Selanjutnya diambil jaringan janin (villi choriales atau jaringan ari-ari) pada saat janin berumur 10-12 minggu untuk diperiksa DNAnya. Bila janin ternyata hanya membawa satu belah gen thalassemia beta, maka kehamilan dapat diteruskan dengan aman. Tetapi bila janin ternyata membawa kedua belah gen thalassemia yang artinya janin akan menderita thalassemia beta, maka penghentian kehamilan dapat menjadi pilihan.
3). Bagaimana mengetahui seseorang adalah pembawa sifat thalassemia beta ?
Karena penampilan sebagian besar pembawa sifat thalassemia beta tidak dapat dibedakan dengan individu normal, maka pembawa sifat thalassemia beta hanya dapat ditentukan dengan pemeriksaan darah yang mencakup darah tepi lengkap dan analisis hemoglobin.
AKHIR KATA
Mengingat mahalnya pengobatan definitif thalassemia yang telah disebutkan di atas, terdapat upaya-upaya yang dapat dilakukan untuk masyarakat Indonesia pada umumnya, dan suku Minahasa pada khususnya, di antaranya:
- Sebaiknya dilakukan pencegahan pernikahan sesama keluarga dekat.
Bila perlu, sebelum menikah dilakukan pemeriksaan darah untuk melihat adanya kemungkinan karier thalassemia pada pasangannya. Bila ternyata kedua pasangan merupakan pembawa faktor thalassemia, dianjurkan untuk tidak menikah, atau dianjurkan kemungkinan memiliki keturunan dengan cara lain.
- Dilakukan penelitian epidemiologi lebih besar untuk mendapatkan sampel yang representatif. Dibutuhkan kerja sama berbagai pihak dengan dukungan pemerintah dan berbagai instansi untuk melakukan penelitian ini. Untuk saat ini, pemeriksaan secara insidentil dapat dilakukan pada fasilitas pelayanan untuk ibu hamil seperti rumah sakit umum, rumah sakit bersalin, dan instansi lainnya pada semua wanita hamil yang mengalami anemia fisiologis dengan pemeriksaan MCV < 80 µm3 dan tidak didapatkan tanda-tanda defisiensi besi. Pada sentra pelayanan yang mutakhir, telah dilakukan pemeriksaan prenatal pada janin, dengan mengambil sampel darah umbilikus janin pada trimester pertama. Jenis pemeriksaan seperti ini selain biayanya mahalnya juga harus dipertimbangkan risiko dan keuntungannya.

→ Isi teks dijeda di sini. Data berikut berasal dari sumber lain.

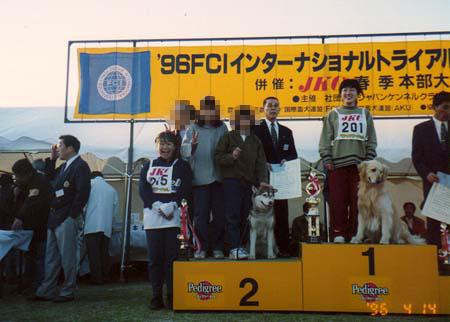 96年の本部会で2席になりました 家族みんな大喜び 表彰台の上にみんなで乗っちゃって こんな飼い主って他にいないかもね(^^ゞポリポリ |

- Diupayakan sentra konseling khusus bagi penderita thalassemia atau keluarga yang mempunyai anak-anak yang menderita thalasemia, yang melibatkan pihak-pihak terkait, seperti Pemerintah Daerah setempat, Dinas Kesehatan, Organisasi Kemasyarakatan, Dokter Ahli Penyakit Darah (Spesialis Hematologi), tokoh masyarakat (pemuka agama, kaum intelektual), yang dapat bekerja sama dalam suatu wadah lintas sektoral.